Our research uses the mid-nineteenth century transport revolution from the invention of steam railways, a newly created, spatially disaggregated dataset for Greater London between 1801 and 1921, and a quantitative urban model to provide new evidence on the contribution of the separation of workplace and residence to agglomeration.

The key idea behind our approach is that the slow travel times achievable solely by human or horse power implied that when these were the main modes of transport, most people lived close to where they worked.

In contrast, the invention of steam railways dramatically reduced the time taken to travel a given distance, increasing average travel speeds from around 6 mph (miles per hour) for horse-drawn vehicles and 3 mph for walking to around 21 mph on the train. This permitted the first large-scale separation of workplace and residence, which in turn enabled locations to specialise either as places to work or places to live.

We find substantial effects of steam passenger railways on city size and structure. Our model is able to account both qualitatively and quantitatively for the observed changes in the organisation of economic activity within Greater London. London during the nineteenth century is arguably the poster child for the large metropolitan areas observed around the world today. In 1801, London’s built-up area housed around 1 million people and spanned only five miles east to west. In contrast, by 1901, Greater London contained over 6.5 million people, measured more than 17 miles across, and was on a dramatically larger scale than any previous urban area. By the beginning of the twentieth century, London was the largest city in the world by some margin (with New York City and Greater Paris having populations of 3.4 and 4 million, respectively), and London’s population exceeded that of several European countries.

Furthermore, London developed through a largely haphazard and organic process during this period, which suggests that both the size and structure of the city responded to decentralised market forces. Therefore, nineteenth century London provides a natural testing ground for assessing the empirical relevance of models of city size and structure.

The impact of steam railways on the organisation of economic activity

We begin by providing several pieces of evidence on the impact of steam railways on the organisation of economic activity within Greater London. We first establish changes in parish population growth rates that coincide closely with the arrival of the railway. We next show that these changes in population growth are heterogeneous across parishes.

Figure 1 shows average population growth in the 30 years after the arrival of a railway station minus average population growth in the 30 years before its arrival. As is apparent from the figure, we find that more central parishes (as measured by distance to the Guildhall in the City of London) experience a decline in population growth relative to more suburban parishes, consistent with the railway redistributing residential population within Greater London.

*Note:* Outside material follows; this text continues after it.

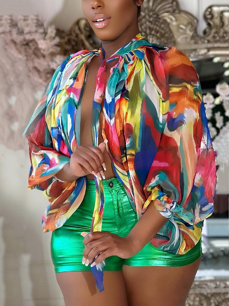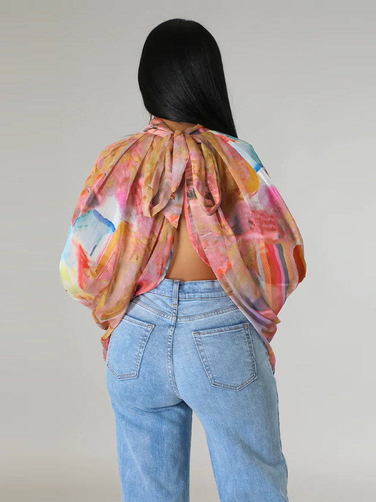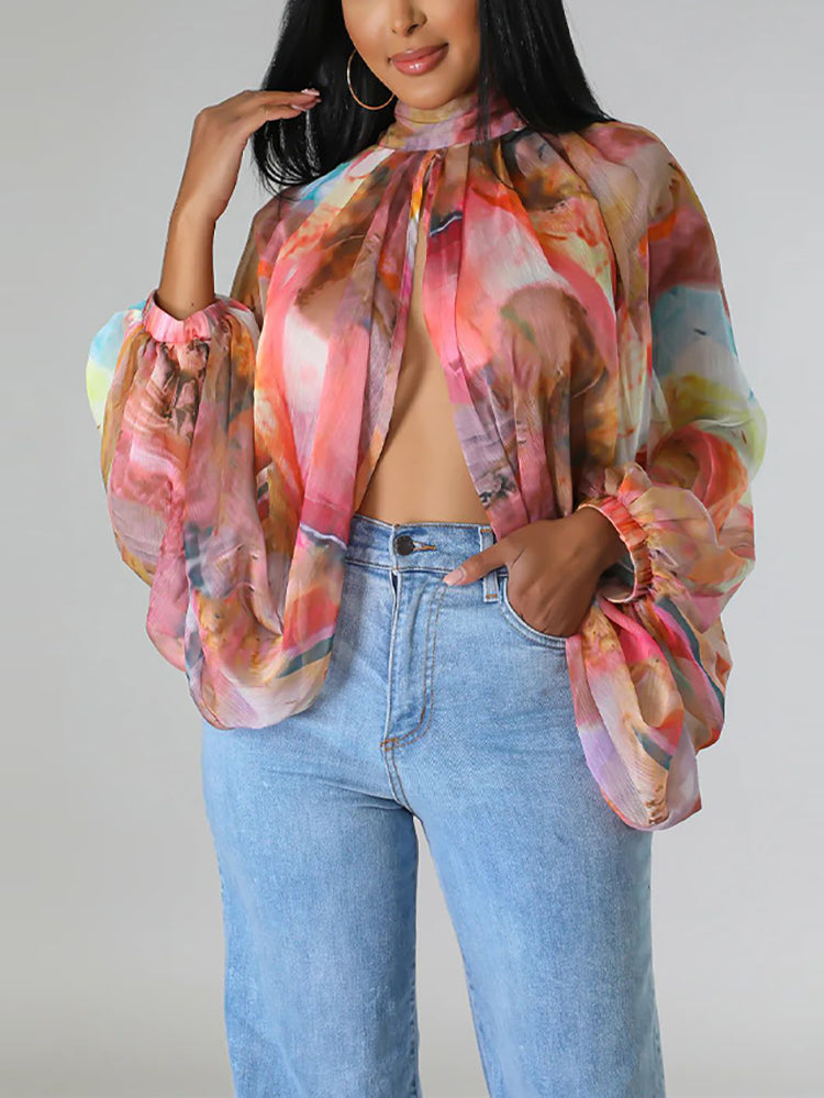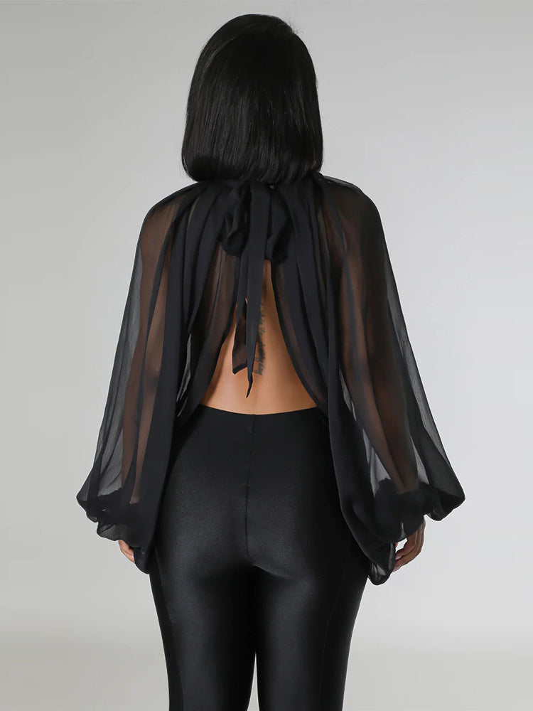 • Long sleeves with a round neckline and self-tie closure provide a flattering and adjustable fit

To interpret this evidence, we develop a new procedure for an entire class of urban models characterised by a ‘gravity equation’ for commuting. Although we only observe bilateral commuting flows between the 99 boroughs within the boundaries of Greater London at the end of our sample period in 1921, we show how this framework can be used to estimate the impact of the construction of the railway network.

In a first step, we use our bilateral commuting data for 1921 to estimate the parameters that determine commuting costs. In a second step, we combine these parameter estimates with historical data on population, land values and the evolution of the over- and underground railway network going back to the early nineteenth century.

Using a combined commuter and land market clearing condition in the model, we solve for the implied unobserved historical values for employment by workplace and commuting patterns. Although we estimate the model’s commuting parameters using 1921 information alone, we find that its predictions provide a good approximation to the available historical data.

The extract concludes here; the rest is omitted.